--- Goal of the exercise ---
The exact lines of the listing, from its first through the line that contains "Conecte el puerto", are to make up the answer, and pictures are to be left out.

--- Source records ---
::::

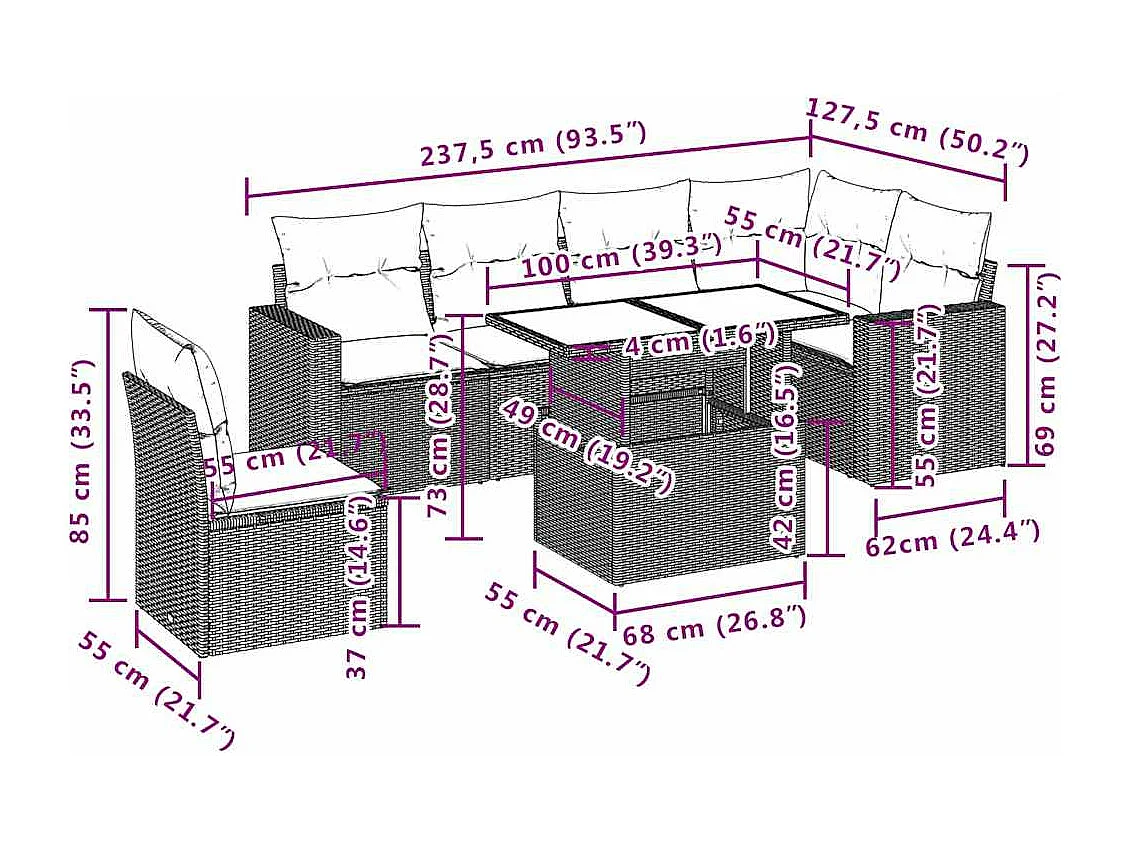 Salon de jardin avec coussins 7 pièces gris clair résine tressée
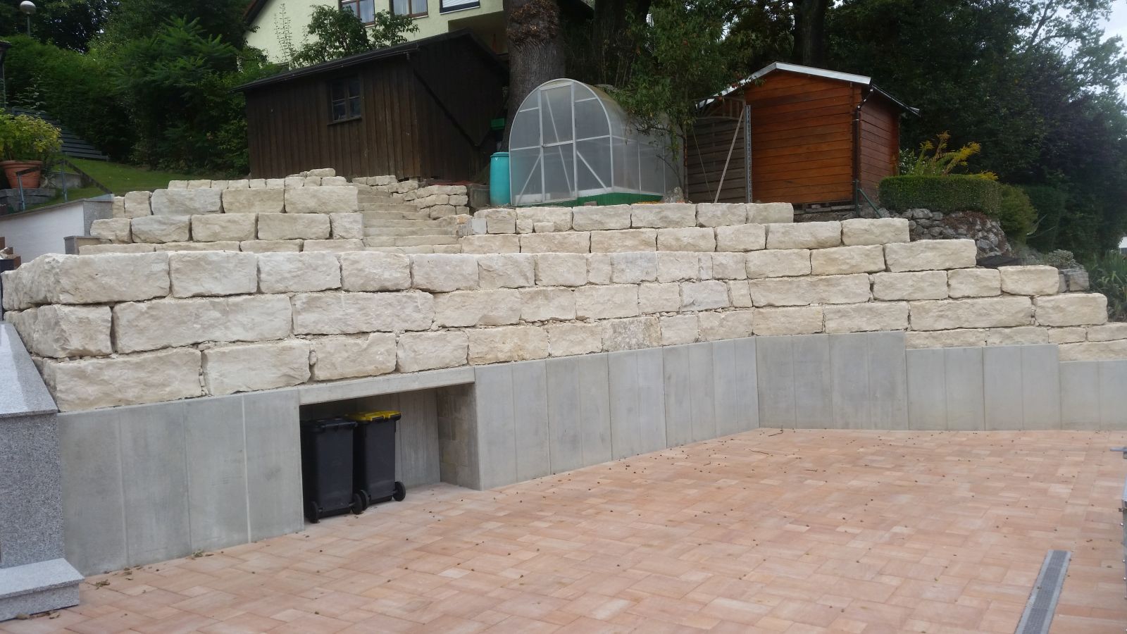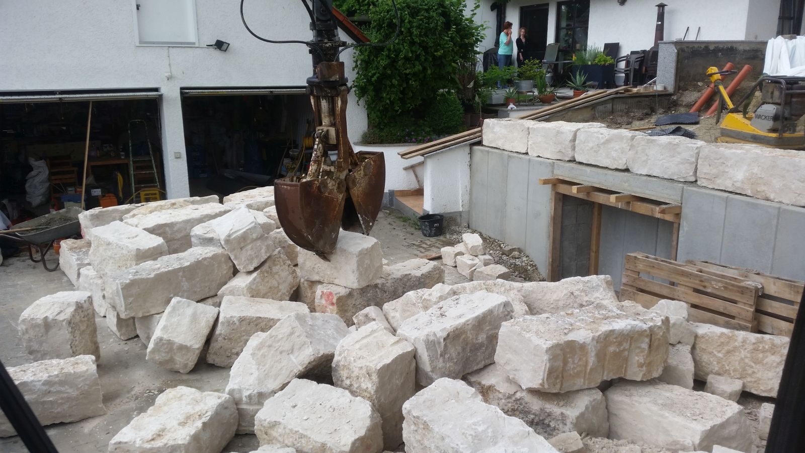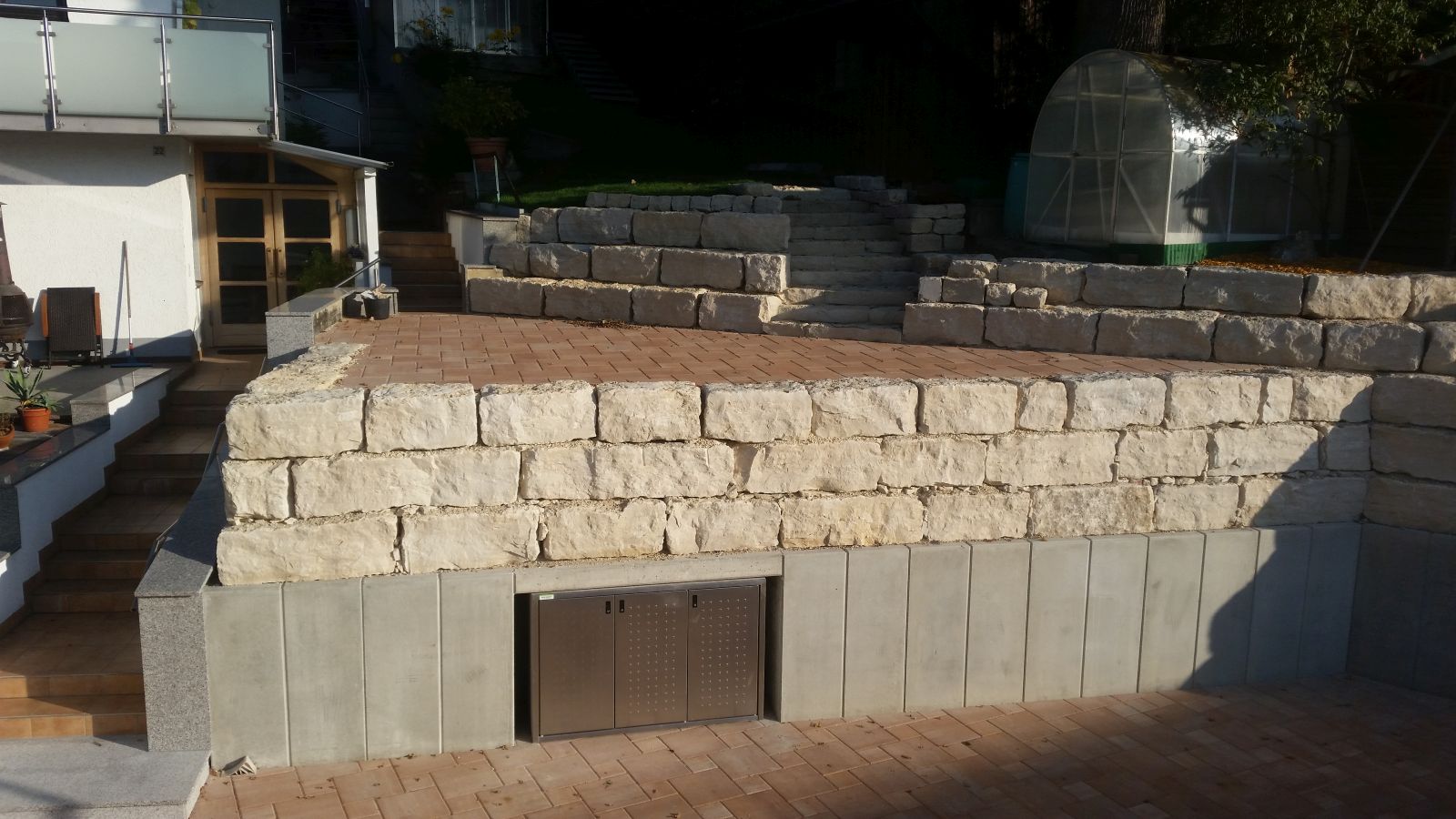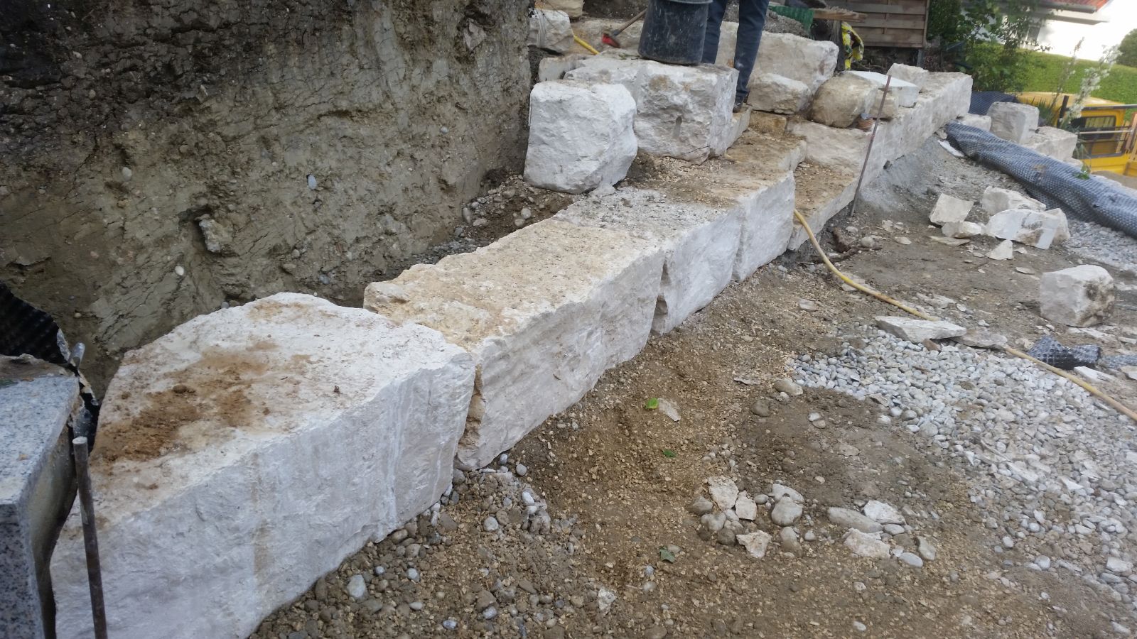 Oberhalb der L-Stein Wand wurde der Hang weiter mit einer Trockenmauer aus Jura-Kalksteinblöcken gesichert.
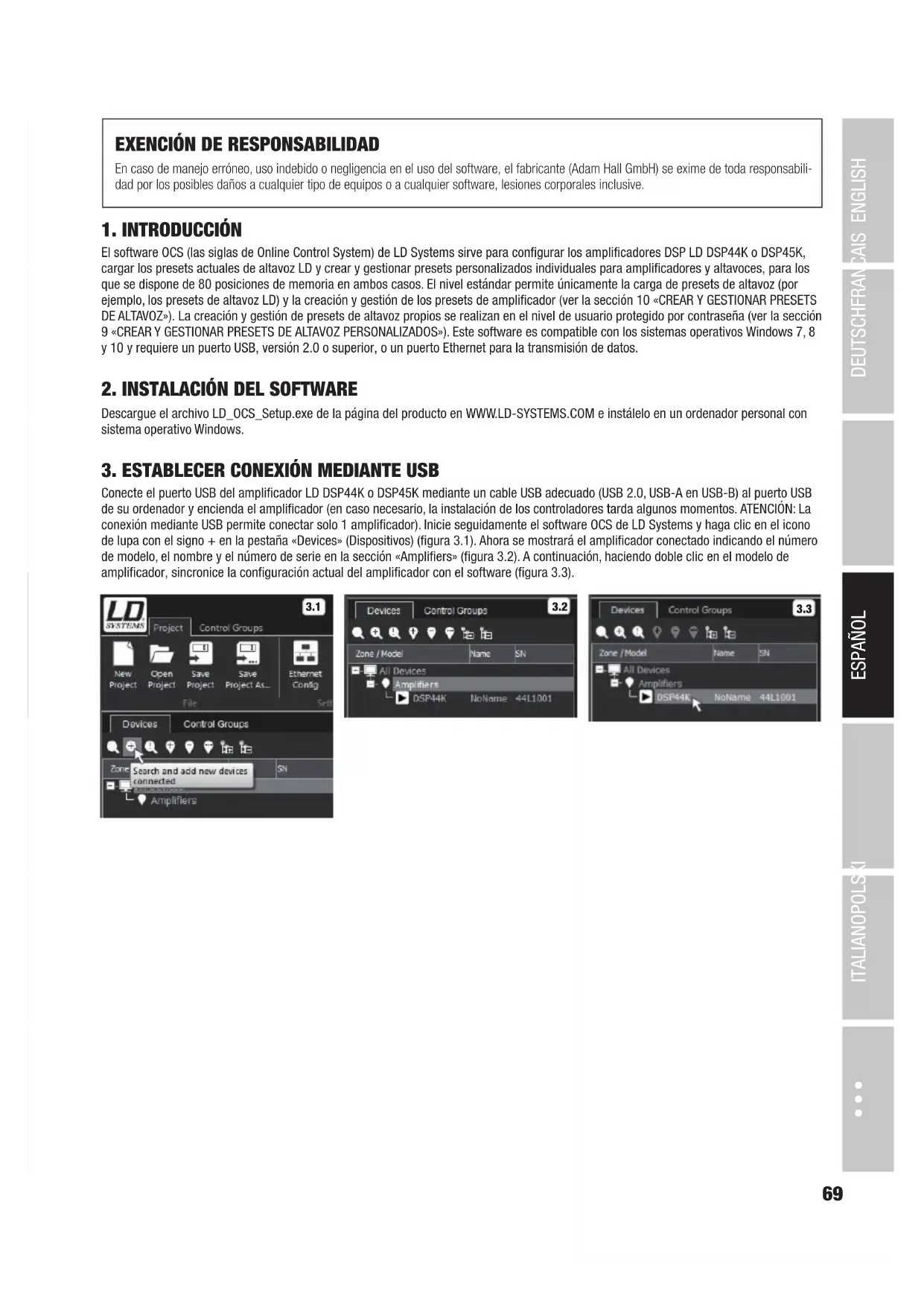 Conecte el puerto USB del amplificador LD DSP44K o DSP45K mediante un cable USB adecuado (USB 2.0, USB-A en USB-B) al puerto USB de su ordenador y encienda el amplificador (en caso necesario, la instalación de los controladores tarda algunos momentos. ATENCIÓN: La conexión mediante USB permite conectar solo 1 amplificador). Inicie seguidamente el software OCS de LD Systems y haga clic en el icono de lupa con el signo + en la pestaña «Devices» (Dispositivos) (figura 3.1). Ahora se mostrará el amplificador conectado indicando el número de modelo, el nombre y el número de serie en la sección «Amplifiers» (figura 3.2). A continuación, haciendo doble clic en el modelo de amplificador, sincronice la configuración actual del amplificador con el software (figura 3.3).
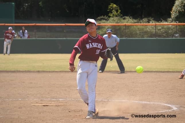 山内も2回以降は立ち直り、国士舘打線に得点を許さない投球。「内野の守備にダブルプレーで助けられた」と山内が話した通り、野手陣も堅い守りで2回と5回に併殺を完成させるなど、山内を盛り立てた。リードを2点に広げて迎えた6回表の守備。早大にとってこの試合最大のヤマ場を迎える。連打と四球で無死満塁から犠飛で1点差に詰め寄られ、さらに1死二、三塁という場面。一打同点・さらには逆転もあり得るという状況でも、チームに動揺はなかった。まずは八番打者を三振に取る。次打者には四球を与えて2死満塁となるが、一番打者を左飛に抑えて、この大ピンチを脱した。するとその裏、山内の粘りに打者陣が応える。1死二塁から澤が今日2本目となる中前適時打を放ち、貴重な追加点を奪うと、続く高橋尚希(スポ3=宮城・泉館山)の遊撃適時内野安打で点差を3点に広げて、勝負あり。最終回もマウンドに上がった山内が、最後の打者を今日3つ目となる併殺打に打ち取り試合を締めた。
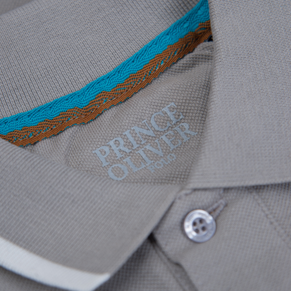 Two Tone Polo Double Pique Γκρι Ανοιχτό in Cotton Regular Fit
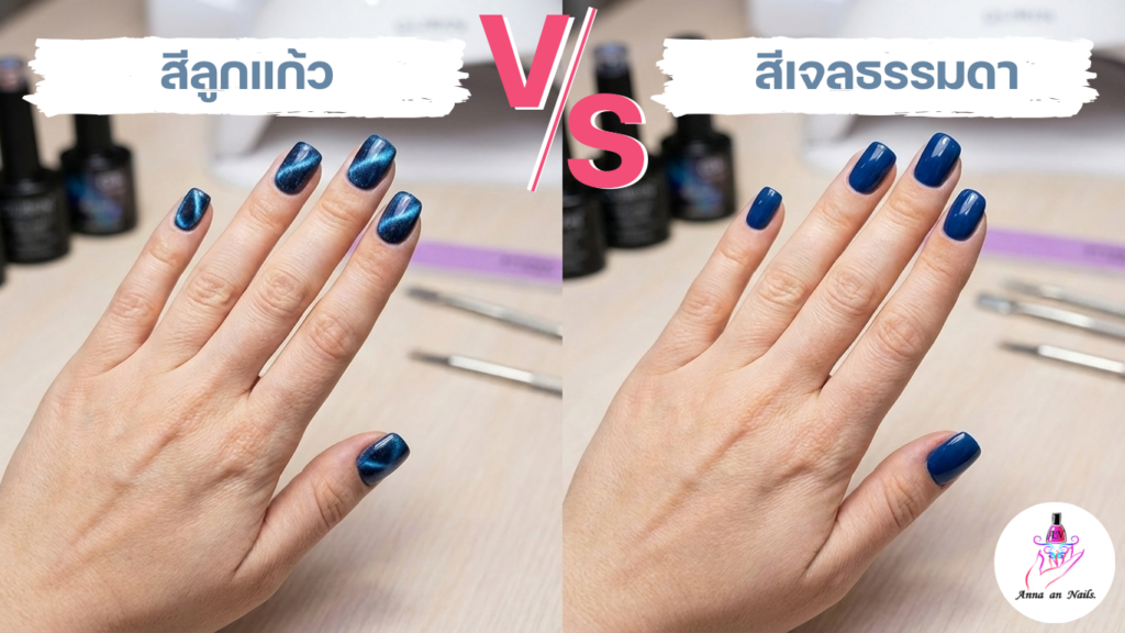 สีเจลธรรมดาจะเป็นสีที่ดูเรียบแบน (Flat) สวยแบบคลีนๆ แต่สีลูกแก้วจะให้ความรู้สึกที่ “ลึกและแพง” กว่ามาก เวลาเราขยับมือไปมา ลายในเล็บจะวิ่งตามแสงไฟ เหมือนเล็บเรามีชีวิตเลยล่ะค่ะ
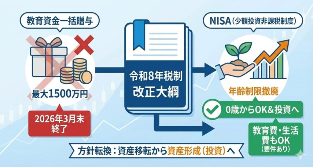 - 終了案: 教育資金一括贈与は令和8年3月末で廃止の方針。
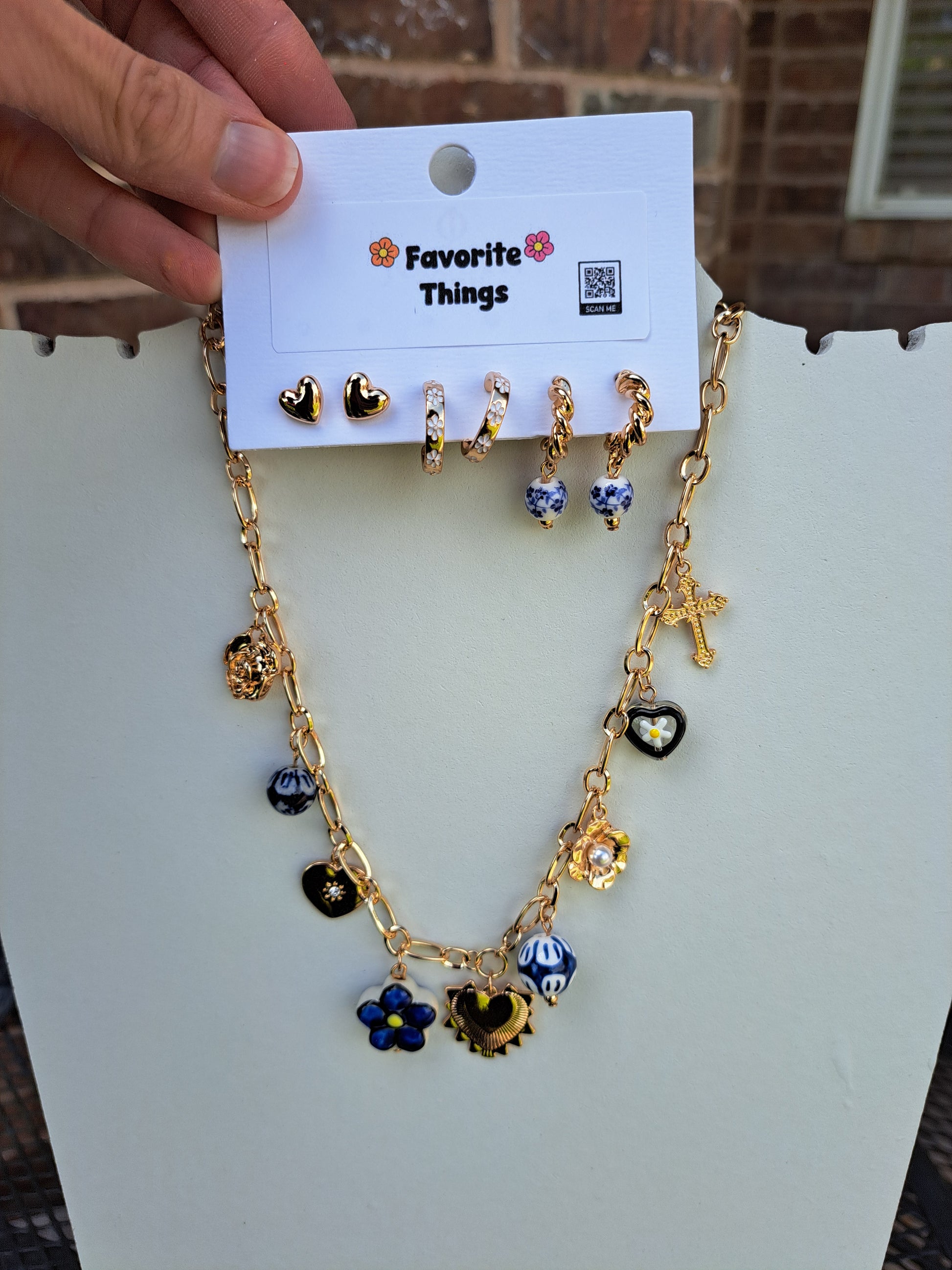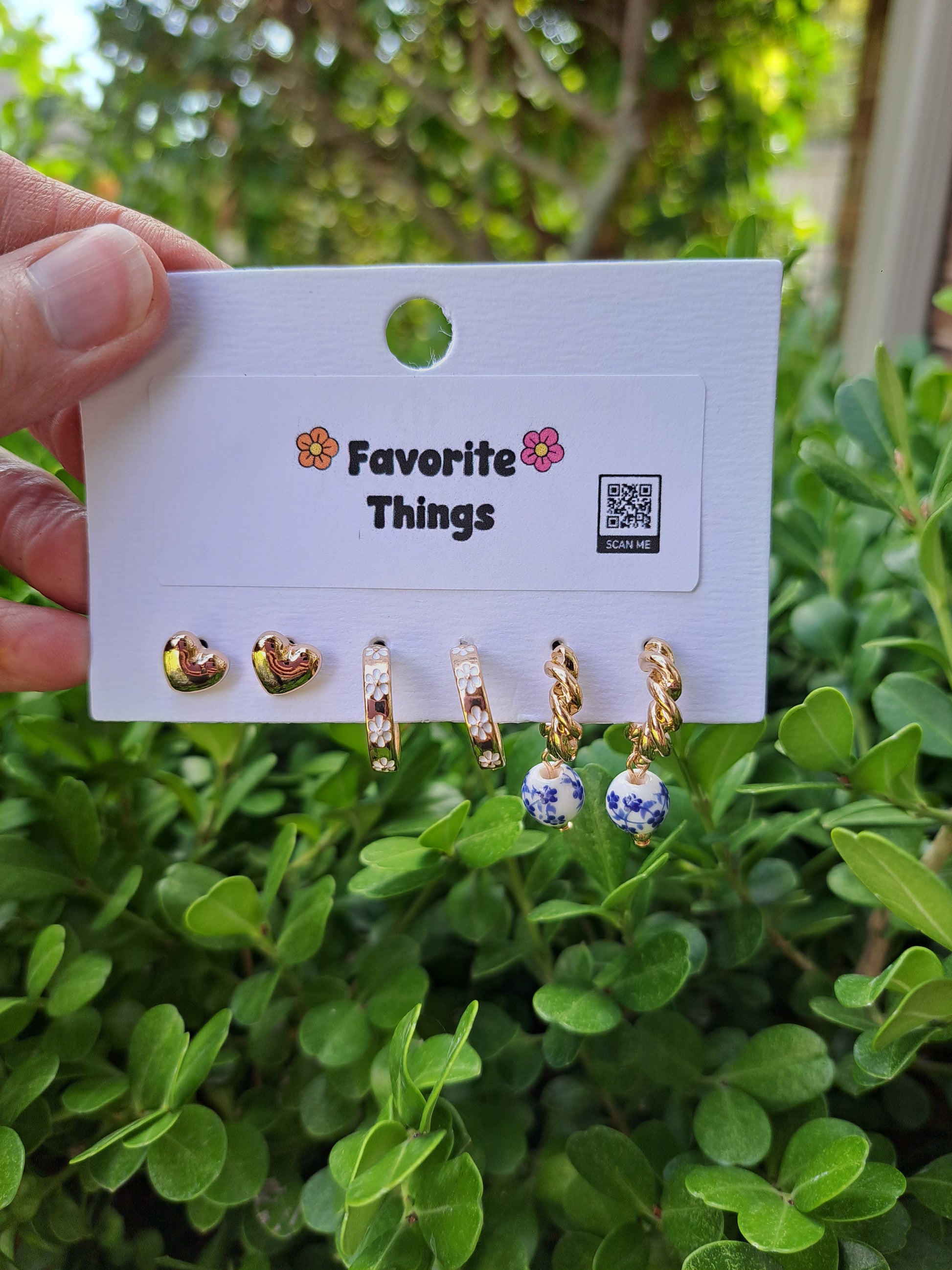 Vintage Ceramic Porcelain Trio Earrings - Hoops and Hearts

::::

--- Task answer ---
 Salon de jardin avec coussins 7 pièces gris clair résine tressée
 Oberhalb der L-Stein Wand wurde der Hang weiter mit einer Trockenmauer aus Jura-Kalksteinblöcken gesichert.
 Conecte el puerto USB del amplificador LD DSP44K o DSP45K mediante un cable USB adecuado (USB 2.0, USB-A en USB-B) al puerto USB de su ordenador y encienda el amplificador (en caso necesario, la instalación de los controladores tarda algunos momentos. ATENCIÓN: La conexión mediante USB permite conectar solo 1 amplificador). Inicie seguidamente el software OCS de LD Systems y haga clic en el icono de lupa con el signo + en la pestaña «Devices» (Dispositivos) (figura 3.1). Ahora se mostrará el amplificador conectado indicando el número de modelo, el nombre y el número de serie en la sección «Amplifiers» (figura 3.2). A continuación, haciendo doble clic en el modelo de amplificador, sincronice la configuración actual del amplificador con el software (figura 3.3).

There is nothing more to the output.